= Red Lion Christian Academy =

Private Christian Preschool–12 school in Bear, Delaware, United States

Red Lion Christian Academy (RLCA) is a private Christian Preschool–12 school in Bear, Delaware, named for its location within the Red Lion Hundred.

== History ==
A committee led by Dr. Charles F. Betters founded the school in 1980 as a Preschool–4th grade learning center. In 1997 the school started the process of becoming a full PreK-12 school. In the spring of 2002, the school held its first official commencement ceremony, commemorating their first graduate class.

== Recognition ==
Red Lion was ranked #1 in "Most Diverse Private High Schools in Delaware" and ranked within the top 30 for "Best Private K-12 Schools in Philadelphia Area" according to Niche's 2024 k12 rankings.

== Athletics ==
Red Lion is an independent member of the DIAA and supports coed interscholastic sports for its middle and high schoolers. Many students consider nearby Caravel Academy to be their athletic rival; however, historically, the matchups have heavily favored the Caravel Buccaneers.

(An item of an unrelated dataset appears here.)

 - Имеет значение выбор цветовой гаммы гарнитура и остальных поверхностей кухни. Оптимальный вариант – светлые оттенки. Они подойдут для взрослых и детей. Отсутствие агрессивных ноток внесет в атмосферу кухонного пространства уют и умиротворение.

In the 2022-2023 academic year, the Lions successfully launched an outdoor track and field program coached by former Delcastle stars such as Guawan "Smitty" Smith and Anthony Stewart, state record holders in the distance medley relay. They intend to do the same with an indoor program in the 2023-2024 academic year.

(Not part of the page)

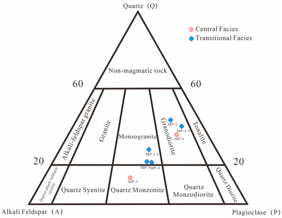 By identifying and plotting the minerals in the samples, the central facies is determined to be quartz monzonite and granodiorite, while the transitional facies consists of monzogranite and granodiorite (Table 1; Figure 3).

== Athletic controversy ==
In 2010 the DIAA, spearheaded by executive director Kevin Charles, launched a thorough investigation into the school's athletic programs. The investigation largely focused on Red Lion's powerhouse football team, led by 13-year-old USC commit David Sills at quarterback. With a need for change evident, the school was temporarily absorbed by a local church and the controversy quietly died, along with their football team. The Lions have since completely rebuilt their programs and with changes in athletic coordinators, operate cleanly.

== Diploma program & sub-campuses ==
Red Lion is considered the mother school of Reach Christian Schools, a collective of local, private Christian schools. Of the sub-schools, the largest is Glasgow Christian Academy, a homeschool co-op program, where students can obtain Red Lion Christian Academy diplomas through an Ogletown campus. These students can also participate in Red Lion's athletic programs just like any regular students.